Not really useful at all. At least from an evidence point of view. Since you cannot really be sure if that is the individual in the picture, the best you can approximate is closer to one of those sketches they provide. I'm not being racist, but certain races do look similar. If you took 100 Chinese people for example, and started progressively blurring their pictures, you would start to get pictures that you could not make a distinction between them, much less a definitive identification. So there had better be some corroborating evidence, since it won't take too much of an expert witness to shoot that down. So it would be better to say it could help identify possible suspects, not individuals. Burden of proof, reasonable doubt, and so on.

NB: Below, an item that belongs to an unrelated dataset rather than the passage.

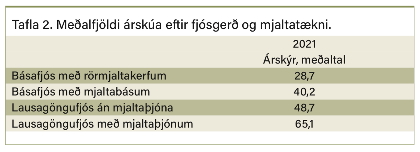 Ekki þarf að koma á óvart að lausagöngufjós með mjaltaþjónum eru stærst að meðaltali en árskúafjöldi þeirra í árslok 2021 var 65,1 kýr en þessi bú eru að jafnaði með 1,25 mjaltaþjóna. Þrátt fyrir að þessi bú beri af í fjölda kúa, þá er bústærðin enn vafalítið nokkuð undir þeim mögulega árskúafjölda sem þessi fjós geta mjaltatæknilega séð borið.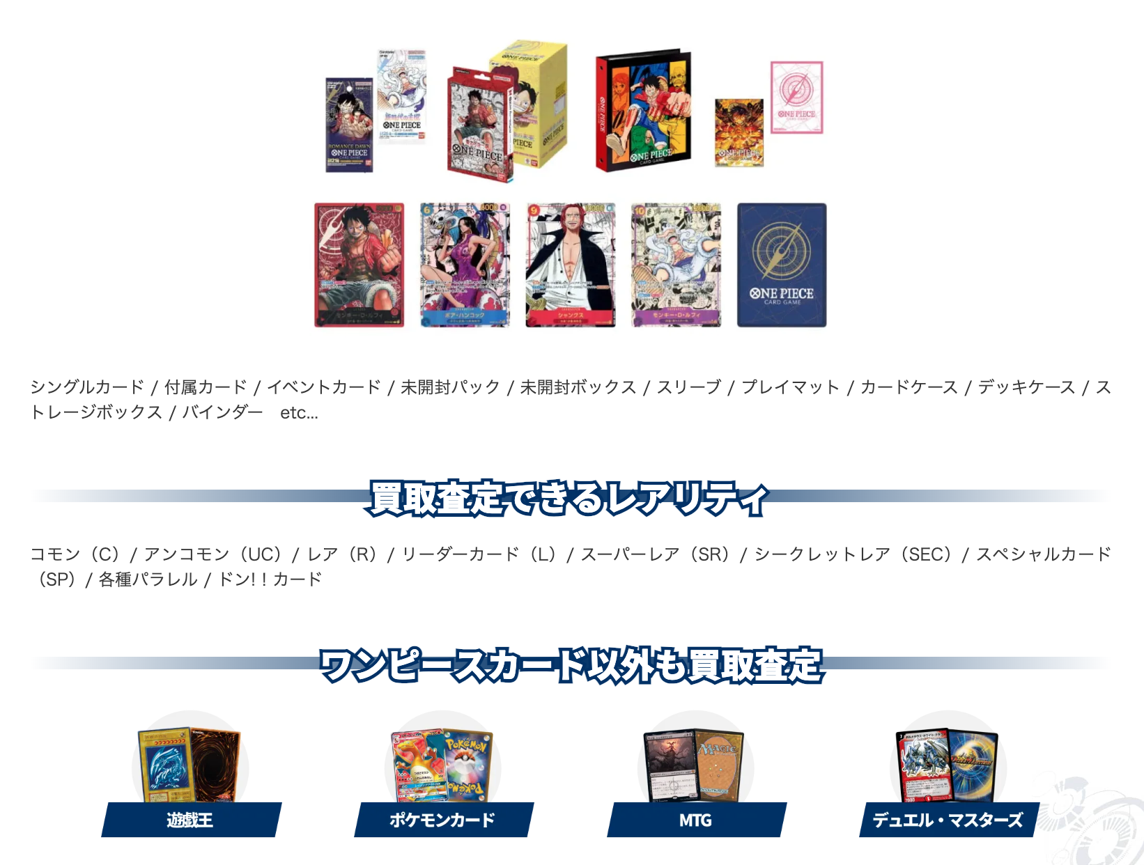 トレトクでは、すべてのワンピースカードが査定・買取対象です。

Another thought, even more concerning, is that if you took those 100 pictures and showed them to a test group that saw before and after shots for each individual, how effectively could they make identifications? What about a test group showed only the after shots? My point being, is that if you are predisposed towards identifying a certain individual you are more likely to do so. In fact, people remember faces in a similar way be exaggerating facial features. I believe it is referred to as face perception. So it might be possible for the human brain to identify, incorrectly, an individual from one of those blurred images. All in all, not solid enough for legal purposes, which CCTV identifications of individuals and license plates are certainly used for.
I could be wrong, but until I see actual pictures, I will have to play the part of the skeptic.
Great idea, and certainly thinking outside of the box, so they deserve respect for their work.
A first pass analysis certainly reveals some elements of Metropolis-Hastings may have been folded in but they do not comprise the entirety of the final solution which seems instead to be bulked up by a n'th pass reverse locality filter feeding off a more traditionally schwelpian treatment of the core triplets. Interestingly every fifth haynes cosignatory node seems to be commulated back to it's quatenary closest fit counterpart.